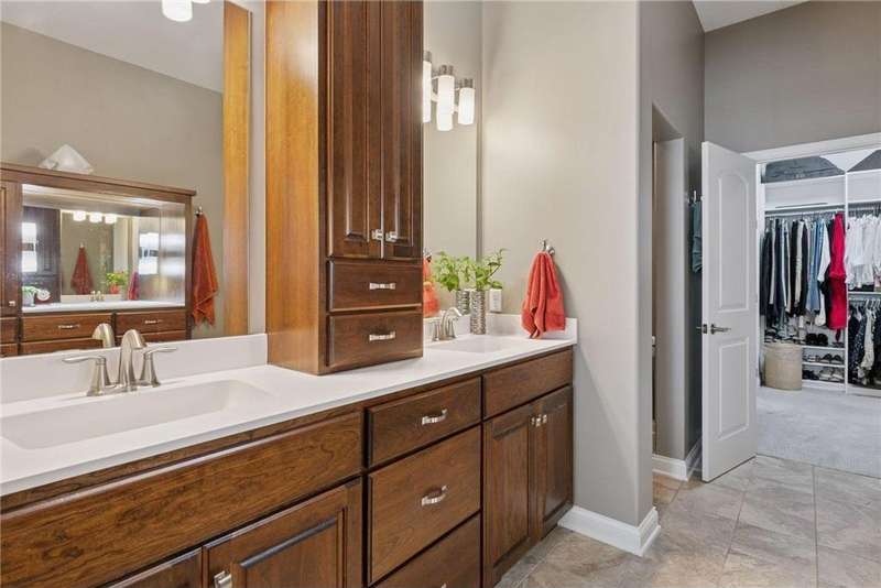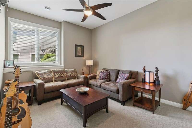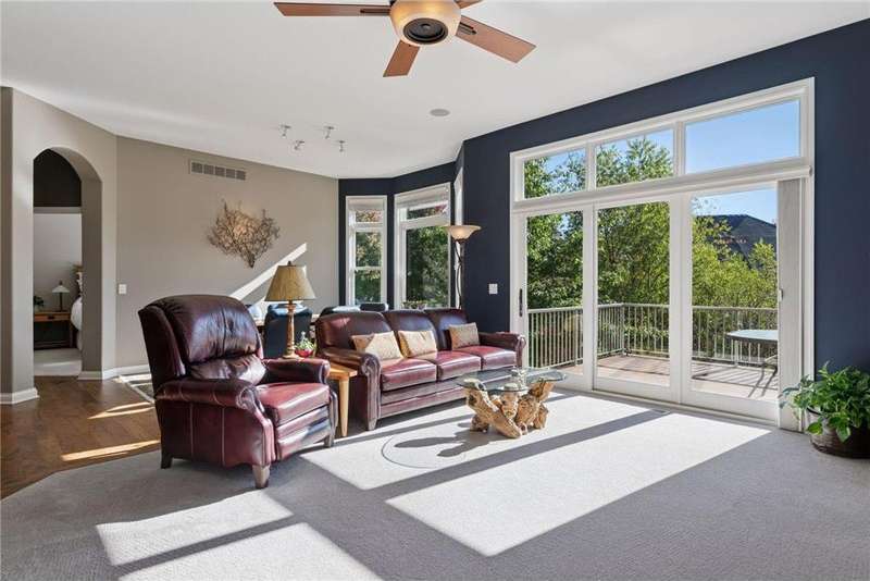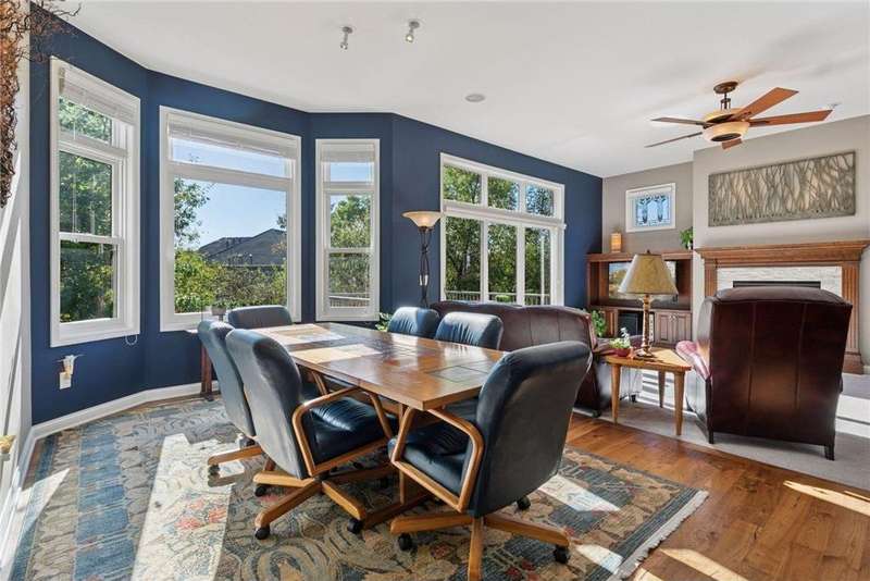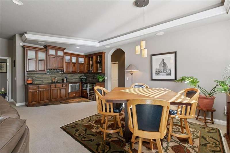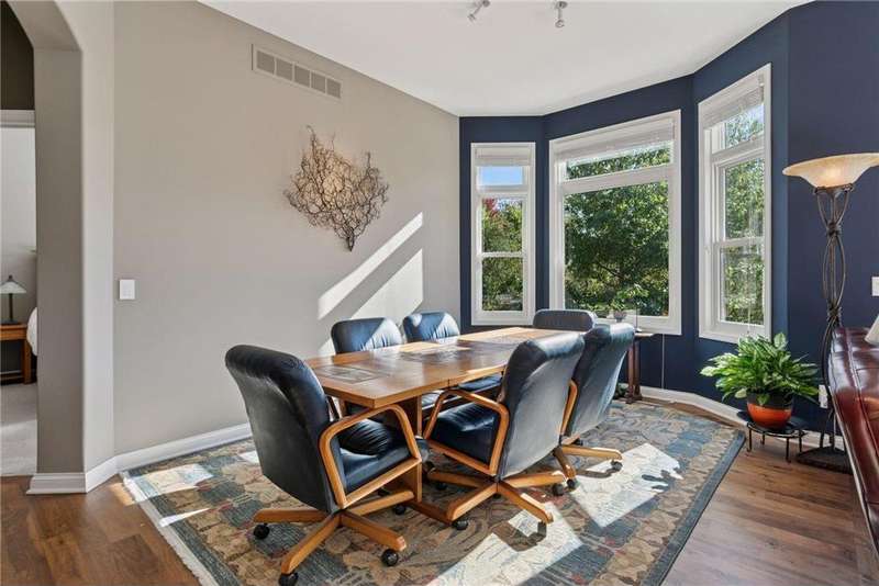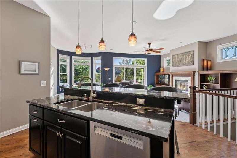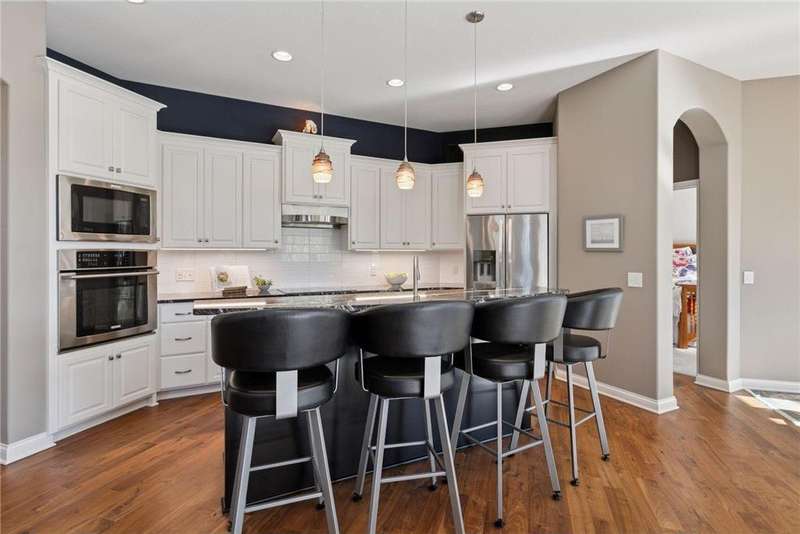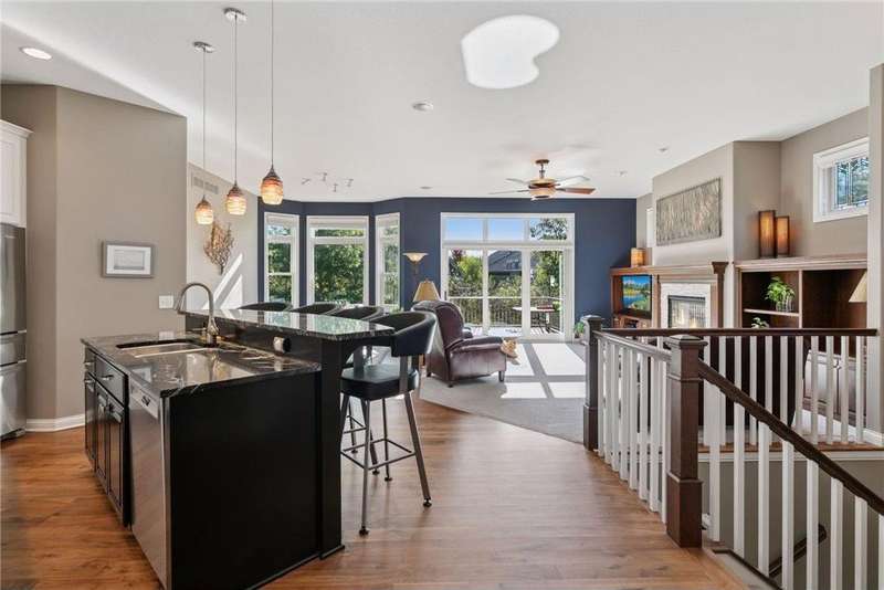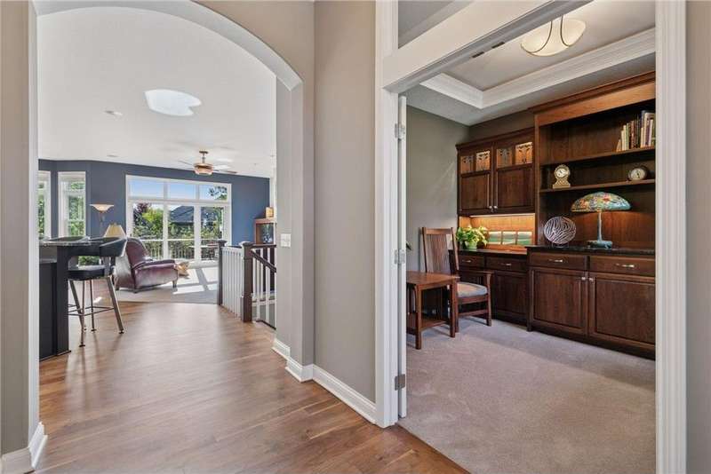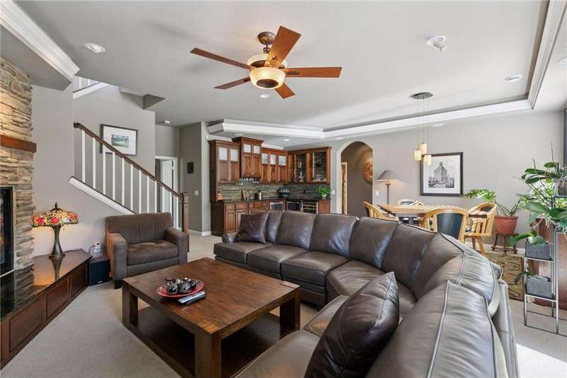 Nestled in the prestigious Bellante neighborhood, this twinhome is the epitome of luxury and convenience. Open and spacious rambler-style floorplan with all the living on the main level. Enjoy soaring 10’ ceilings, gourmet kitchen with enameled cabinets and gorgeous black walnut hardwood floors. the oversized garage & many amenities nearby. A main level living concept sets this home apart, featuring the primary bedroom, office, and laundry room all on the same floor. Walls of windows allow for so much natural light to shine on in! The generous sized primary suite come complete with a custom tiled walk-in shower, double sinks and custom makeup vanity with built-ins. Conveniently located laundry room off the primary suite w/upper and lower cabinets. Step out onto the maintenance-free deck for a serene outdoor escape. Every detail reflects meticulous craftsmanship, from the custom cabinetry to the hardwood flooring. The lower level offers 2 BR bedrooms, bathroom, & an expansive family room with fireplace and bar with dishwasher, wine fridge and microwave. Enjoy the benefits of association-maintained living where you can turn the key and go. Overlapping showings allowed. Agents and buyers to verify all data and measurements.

--

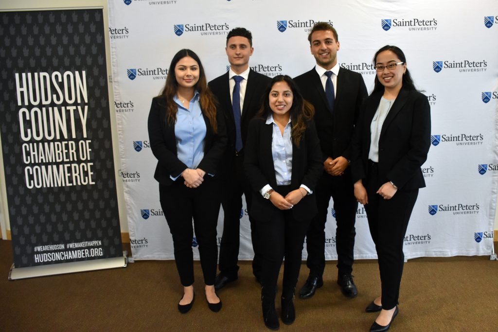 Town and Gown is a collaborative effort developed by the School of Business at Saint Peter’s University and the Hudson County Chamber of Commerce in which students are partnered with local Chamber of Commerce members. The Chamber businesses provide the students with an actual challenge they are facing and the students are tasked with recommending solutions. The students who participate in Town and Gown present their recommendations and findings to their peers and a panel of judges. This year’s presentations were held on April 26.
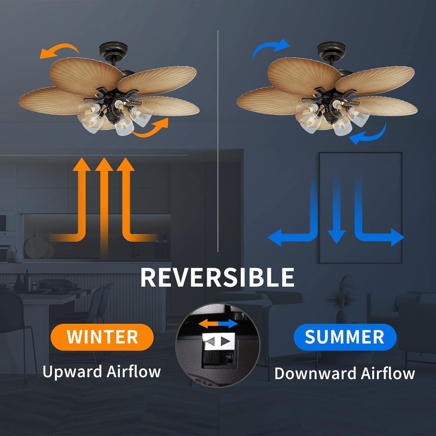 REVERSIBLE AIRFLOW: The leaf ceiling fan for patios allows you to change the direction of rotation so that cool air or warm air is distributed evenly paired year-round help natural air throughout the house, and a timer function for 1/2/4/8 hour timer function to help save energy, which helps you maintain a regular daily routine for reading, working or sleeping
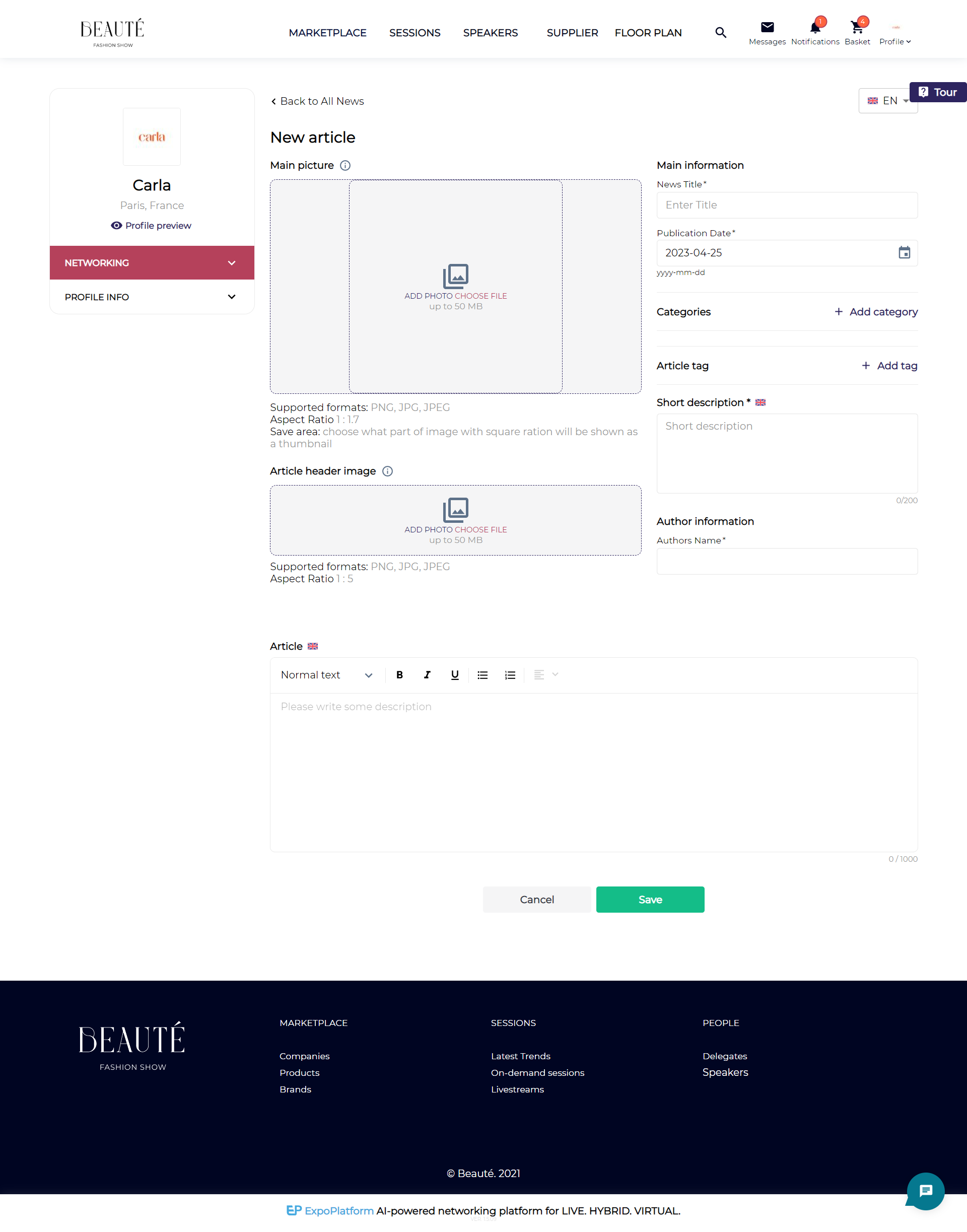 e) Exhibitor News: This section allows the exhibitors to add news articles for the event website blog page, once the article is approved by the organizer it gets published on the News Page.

Task goal:
The material above holds pictures; leave them out. Repeat exactly the lines from the one containing "Town and Gown is" through the one containing "e) Exhibitor News: This", and nothing else.

Expected answer:
 Town and Gown is a collaborative effort developed by the School of Business at Saint Peter’s University and the Hudson County Chamber of Commerce in which students are partnered with local Chamber of Commerce members. The Chamber businesses provide the students with an actual challenge they are facing and the students are tasked with recommending solutions. The students who participate in Town and Gown present their recommendations and findings to their peers and a panel of judges. This year’s presentations were held on April 26.
 REVERSIBLE AIRFLOW: The leaf ceiling fan for patios allows you to change the direction of rotation so that cool air or warm air is distributed evenly paired year-round help natural air throughout the house, and a timer function for 1/2/4/8 hour timer function to help save energy, which helps you maintain a regular daily routine for reading, working or sleeping
 e) Exhibitor News: This section allows the exhibitors to add news articles for the event website blog page, once the article is approved by the organizer it gets published on the News Page.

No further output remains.